This is run from within oem_setup_env
# /usr/lib/cluster/clras dumprepos [-r reposdisk]
# /usr/lib/cluster/clras sfwinfo -a
14) Cluster State from ALL candidate nodes
a) First get the cluster name.
$ cluster -list
b) Get Cluster Status.
$ cluster -status -clustername [output_from_cluster_list]
15) Access to ALL the pool disks by ALL candidate node
$ lssp -clustername [output_from_cluster_list]
Pool Size(mb) Free(mb) LUs Type PoolID
leftv1_pl 3432448 3152896 420 CLPOOL 1234...
16) Enable detailed debug for CAA.
Data Collection with CAA debug enabled
17) Collect snaps from ALL VIOs SSP nodes
If too many nodes then one from DBN node and 1 from non-working node.
This may not be enough in most cases so if possible collect from all nodes.
$ snap
- create /home/padmin/snap.pax.Z
- rename as viossp.node1.snap.pax.Z
- rename as viossp.node2.snap.pax.Z
- and so on ...
To get DBN node:
$ cluster -status -clustername [cluster-name] -verbose | grep -p DBN
18) Collect ctsnap from all SSP nodes - Part of New versions of VIO and can
be skipped.
$ oem_setup_env
# ctsnap -x runrpttr
- This will create => /tmp/ctsupt/ctsnap*.tar.gz
- move /tmp/ctsupt/ctsnap*.tar.gz to
/tmp/PMRno.ZZZ.000.vio1.source.ctsnap.pax.Z
19) Creating single pax file for FTP.
A single file it preferred, if the file it too large a couple
of files may be FTP'ed.
************************************************************
** Move all above pax.Z zip and log files into a single **
** directory. **
************************************************************
- mkdir -p /tmp/pmr#/pmdata (sample name only)

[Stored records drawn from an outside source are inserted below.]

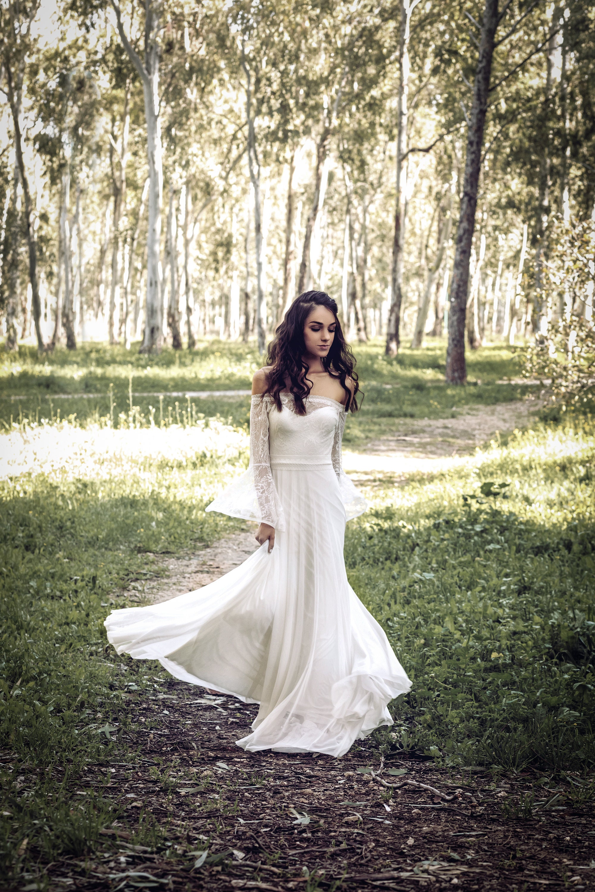 Rustic wedding dress bell sleeves boho wedding dress long ...
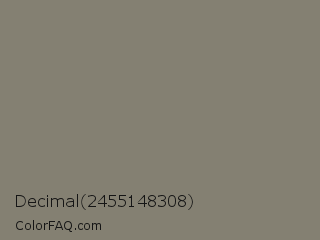 Decimal 2455148308 Color is a normal yellow color and the nearest color is Bandicoot #858470. Hex code #848072 and RGB value is rgb(132,128,114). In RGB color space, this color is composed of 52% red, 50% green, 45% blue, In CMYK color space, this color is composed of 0% cyan, 3% magenta, 14% yellow , 48% black , In HSL color space, this color has a hue angle of 47° , 7% saturation and 48% lightness.
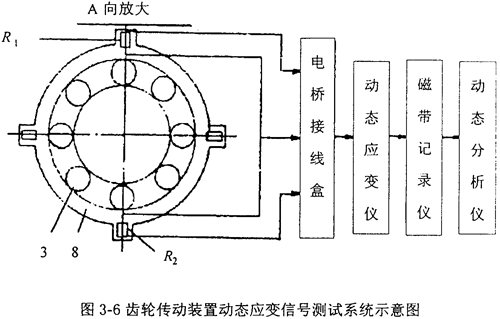 本節(jié)采用在軸承外圈套圈上拾取應變信號的方法對二級齒輪傳動裝置箱體所受的動態(tài)激勵力進行了測試和分析,在此基礎上對齒輪傳動裝置的軸系部件故障進行了診斷。
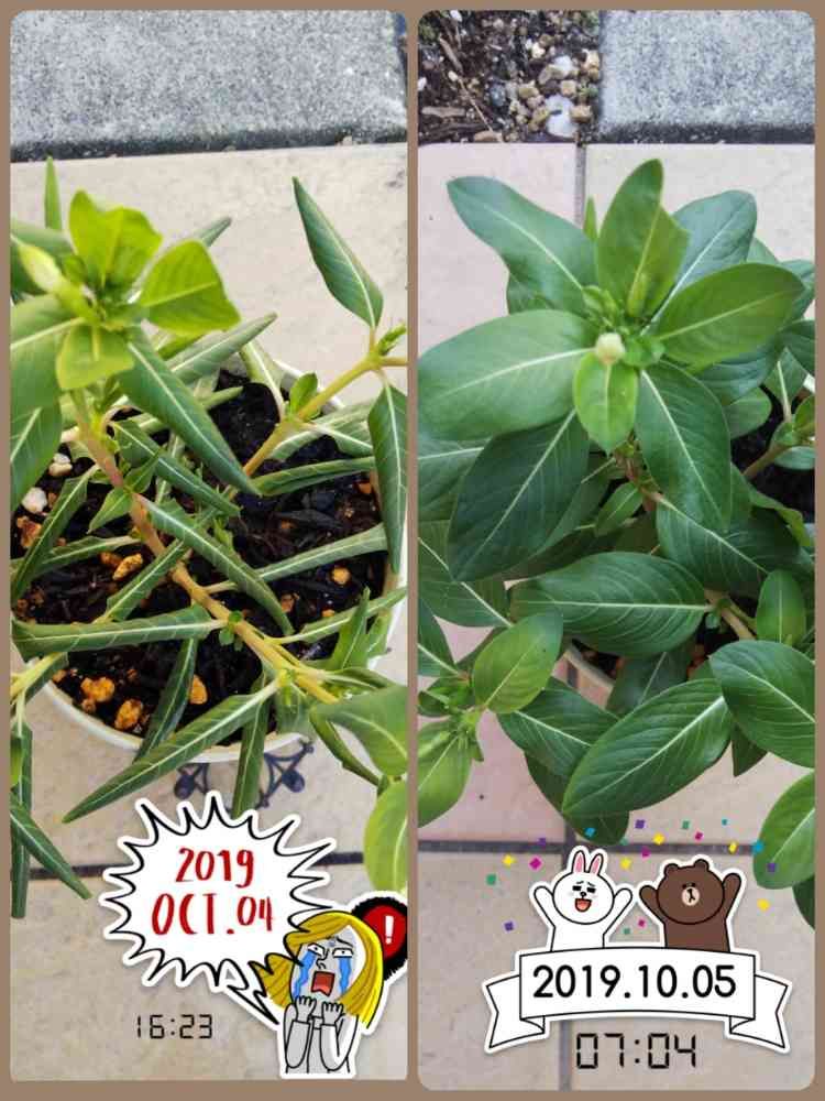これが同じ花か、という感じで、シオシオしたりイキイキしたりを反復横跳びしています…。これは水切れなのか根腐れなのか。「ニチニチソウは過湿を好まない、じつは水やりの難しい花」という情報も見かけたので、様子見つつ様子見つつ慎重に見守っています。今のところ、水やりは朝のみ、土の状態や天気予報によってはパスしたりもしています。日中はやはりシオシオするのですが、夕方気温が落ち着いたらまた持ち直しているので、水やりの頻度はこれでいいのかな……ゴクリ……。という感じです。ニチニチソウなのに(残暑厳しいとはいえ)暑さのピーク過ぎた今の時期の気温に耐えられないの……? と思うと不安でしょうがないんですが、何かできることはあるのでしょうか?
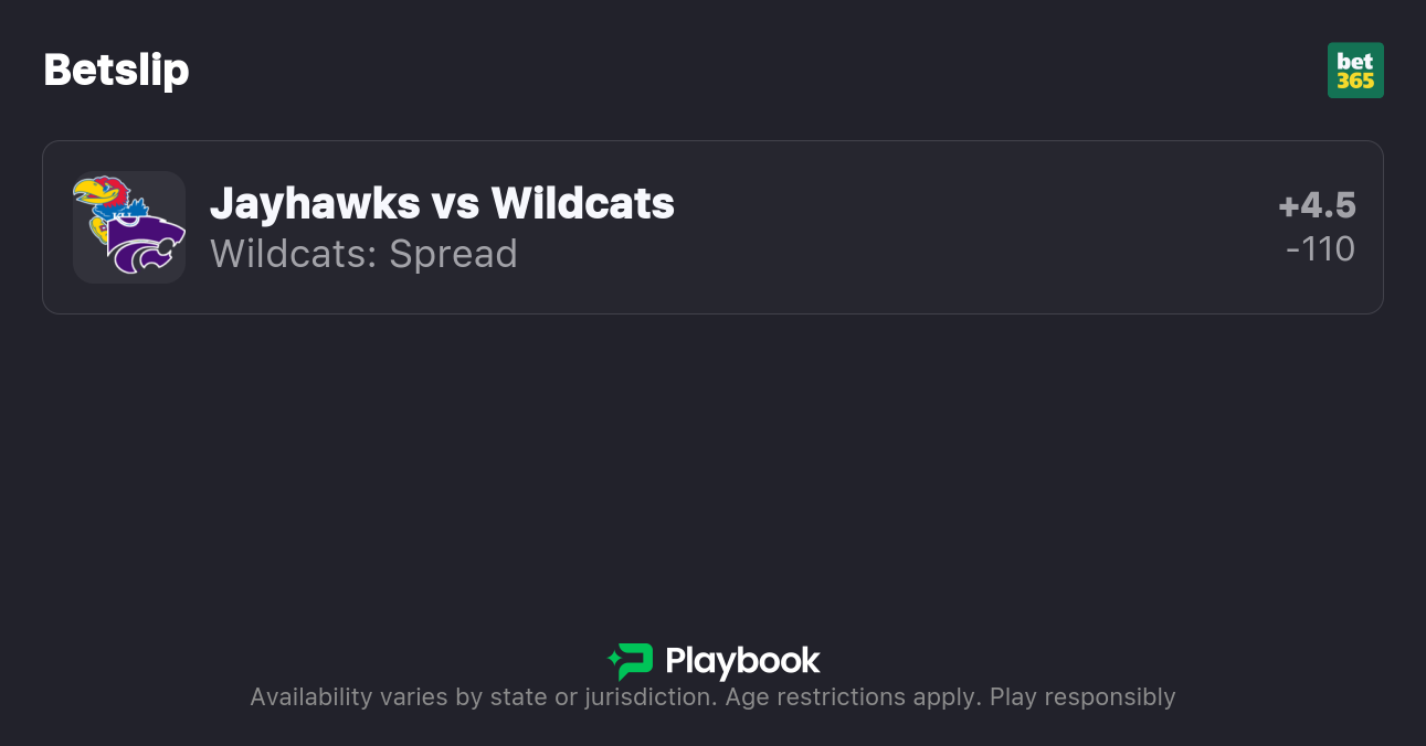 Kansas State is a live dog if Kansas's best player is out, but I think the Wildcats have the goods to compete either way.
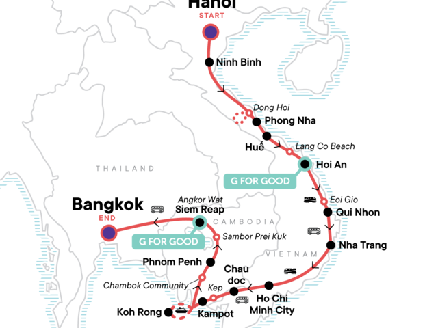 Enjoy street food crawls and free time in Hanoi and Ho Chi Minh City, Sample Oodles of noodles and visit riverside bars in Hoi An, Take a thrilling cyclo-tour trough Phnom Penh, Hit the beach at Qui Nhon and Koh Rong island, Descend into the remote Vinh Moc Tunnels, Explore the Mekong Delta and Sam mountain by motorbike, Embrace daily life at the floating markets of Chau Doc and not-so-daily life at Skun spider market, Join the street party in Bangkok
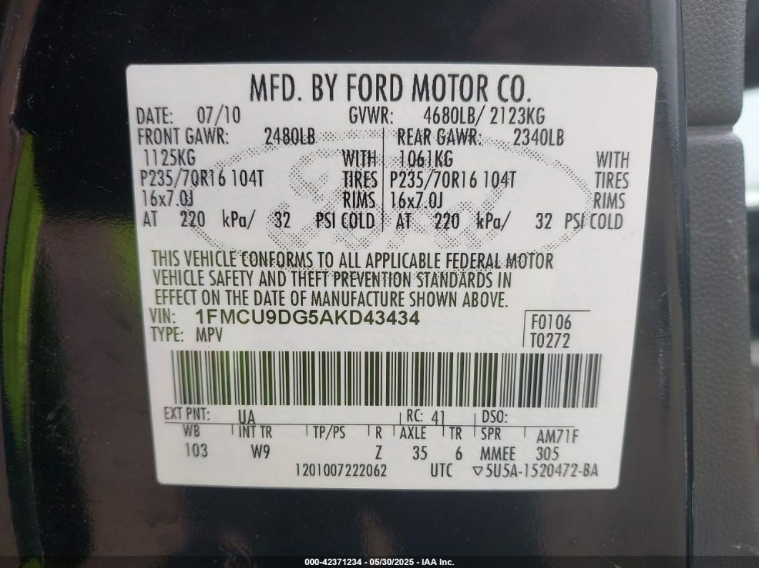 FairThis is a black 2010 Ford Escape XLT, with significant front-end collision damage. The front bumper, grille, and possibly other front-end components require replacement. The interior appears to be in relatively good condition.

- move or ftp or scp data to pmdata directory
- cd /tmp/pmr#
- pax -xpax -vw pmdata | gzip -c > pmr#.pax.gz
- ftp the single file to testcase.software.ibm.com
ftp testcase.software.ibm.com
See "FTP procedure" below for detailed FTP steps.
20) FTP procedure to Boulder:
Rename the file(s) being FTPed to include the PMR number.

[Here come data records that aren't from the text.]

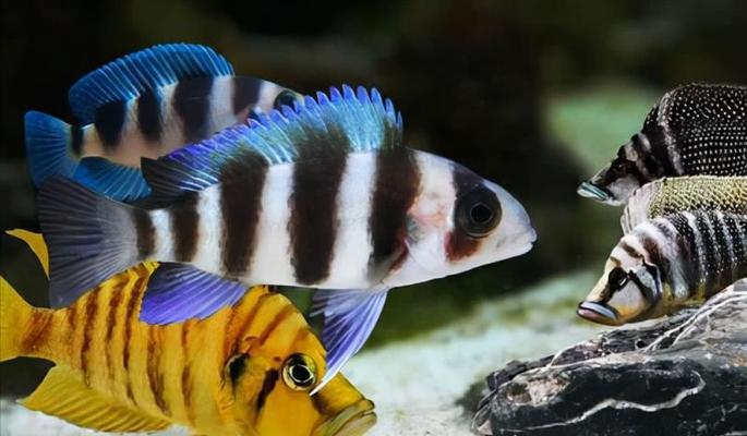 蓝斑拉玛西亚是一种小型热带鱼,身体呈椭圆形,通常有着明亮的蓝色体色和红色背鳍。它们具有独特的脸部模式和颜色斑点,使其成为观赏鱼的理想选择。
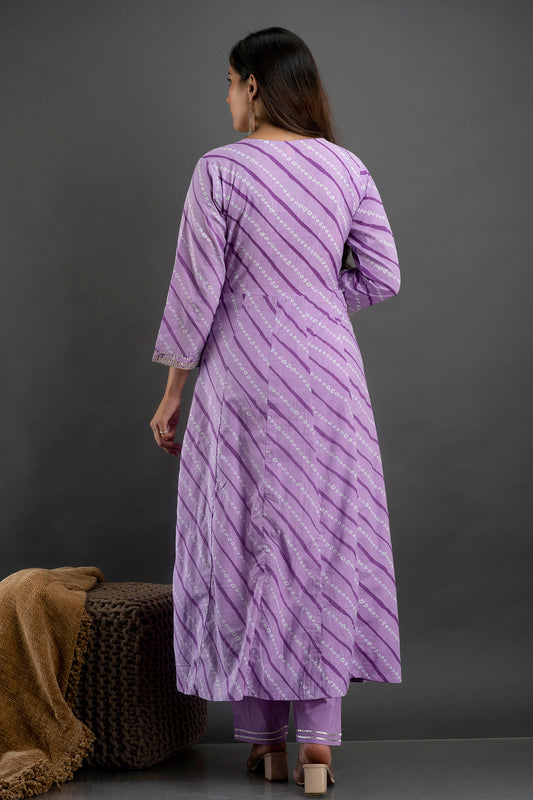 Purple Lehriya Anarkali Heavy work Kurta with trousers and Dupatta kurta set
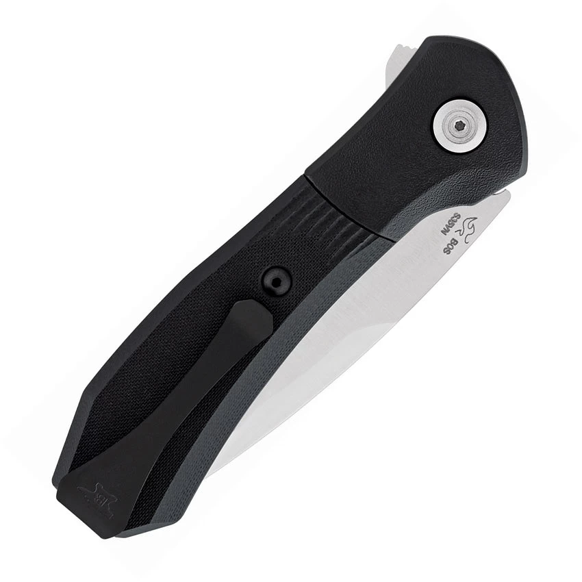 Assisted opening. 4.38″ (11.13cm) closed. 3″ (7.62cm) satin finish S35VN stainless drop point blade. Black textured G10 handle. Extended tang. Pocket clip. Cerakote coated rotating bolster. Boxed.
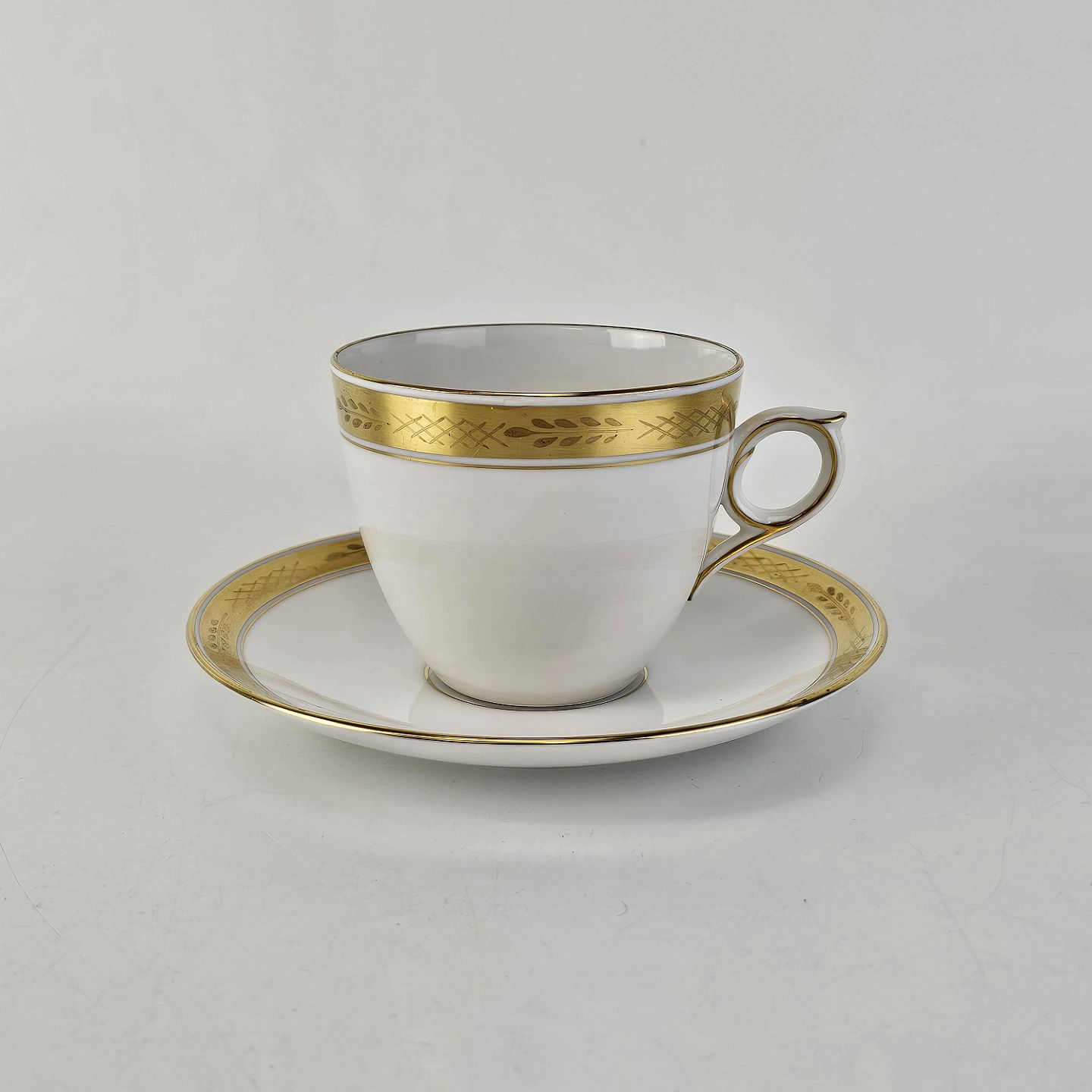 Stel nr. 607 er i hvidt porcelæn og har en guldkant med bladværk

For example, if your pmr is 12345.999.000
( where 12345 is the pmr#, 999 is the branch#, and 000 is the
country code), you would do something similar to the following.

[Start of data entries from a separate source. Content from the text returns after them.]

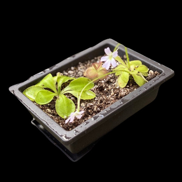 Soil & Repotting: Pinguicula grow in very dry and rocky soil mixes, do not use a mix that holds a lot of moisture. We use equal parts sand, peat moss, pumice, and perlite. You can order our custom Pinguicula soil mix! These plants ship bare-root so you will have to order potting media and pot them up upon arrival. Pinguicula do not have extensive roots and anchor to the surface of their soil making them ideal candidates for quirky, cute, small, non-draining planters like teacups or vintage pottery. You can plant them in all variety of pots as long as they are glazed ceramic, glazed terracotta, glass or plastic. Avoid un-glazed terracotta. They can be in small pots and do not need much room for roots. Pinguicula are one of the most sensitive plants to a build of minerals and salts in their soil or water. Repot every year to refresh soil.
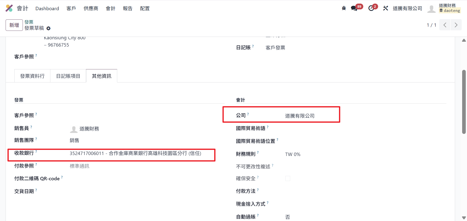 Step6:確認小計、稅額、總額正確。除了發票資料行之外,也需確認【其他資訊】的頁籤。需確認收款銀行是否正確。
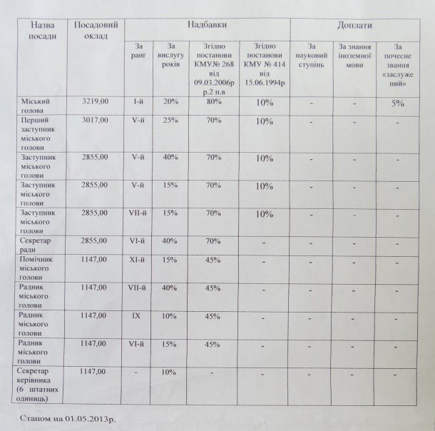 У документі за підписом Миколи Романюка зазначено, посадовий оклад першого заступника міського голови Святослава Кравчука становить 3017 гривень.
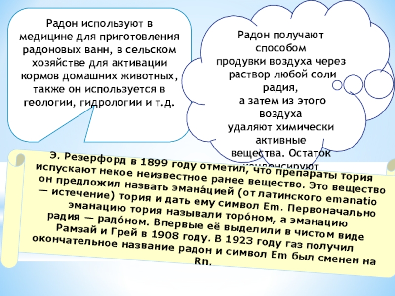 Э. Резерфорд в 1899 году отметил, что препараты тория
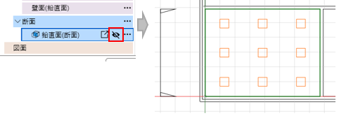 非表示 表示/非表示のアイコンによって断面の表示を切り替えられます。
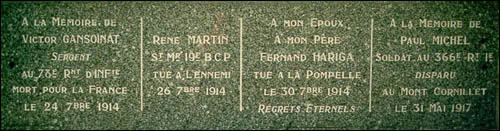 Aujourd’hui les ex-votos et les plaques déposées au lendemain de la guerre 14-18 ont disparu. Elles ont été remplacés par des plaques de marbre scellées à la base du monument lui-même.
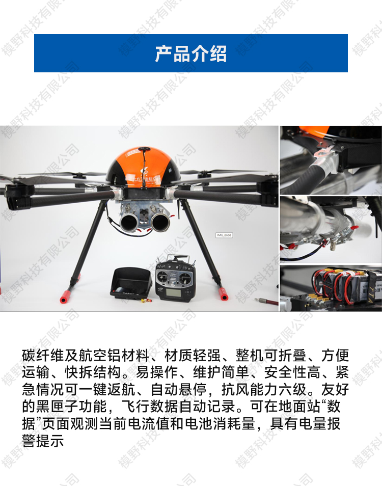 碳纤维及航空铝材料、材质轻强、整机可折叠、方便运输、快拆结构。易操作、维护简单、安全性高、紧急情况可一键返航、自动悬停,抗风能力六级。友好的黑匣子功能,飞行数据自动记录。可在地面站“数据”页面观测当前电流值和电池消耗量,具有电量报警提示
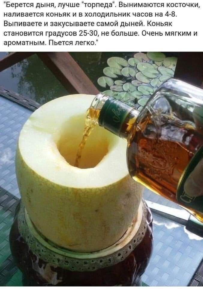 Я пробовал.И скажу вам,коллеги,что мне офигенно зашло.Вычистил половинку спелой дыни,влил туда около 250 грамм "Курвуазье".
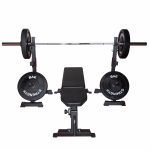 Dari kiri ke kanan : Squat stand, Adjustable bench, Olympic bar with collar, Bumper plate (30 Kg total), Small increment plate (7,5 Kg total)

mv data_collected.pax.gz 12345.999.000_data_collected.pax.gz
FTP the file to ibm:
ftp testcase.software.ibm.com,
login: anonymous,
passwd: your email address,
ftp> cd /toibm/aix
ftp> bin
ftp> put (12345.999.000_date_collected.pax.gz)
ftp> quit
============= END OF BASIC DEBUGGING & DATA COLLECTION ==========
===========================================================
Steps required when applying ifix / apars or upgrading nodes
===========================================================
1) Stop node on cluster
$ clstartstop -stop -n [cluster-name] -m [node]
$ clstartstop -stop -n clvio12 -m vionode1.austin.ibm.com
2) Create directory on each node
$ mkdir /home/padmin/ifix
3) ftp in BINARY attached ifix to all nodes in above location /home/padmin/ifix
4) Commit
$ updateios -commit
5) Install
$ updateios -dev /home/padmin/ifix -install -accept
6) After applying the patch or upgrading VIO, rejoin node.
** reboot may be required after upgrade of ifix install. **
$ clstartstop -start -n [cluster-name] -m [node]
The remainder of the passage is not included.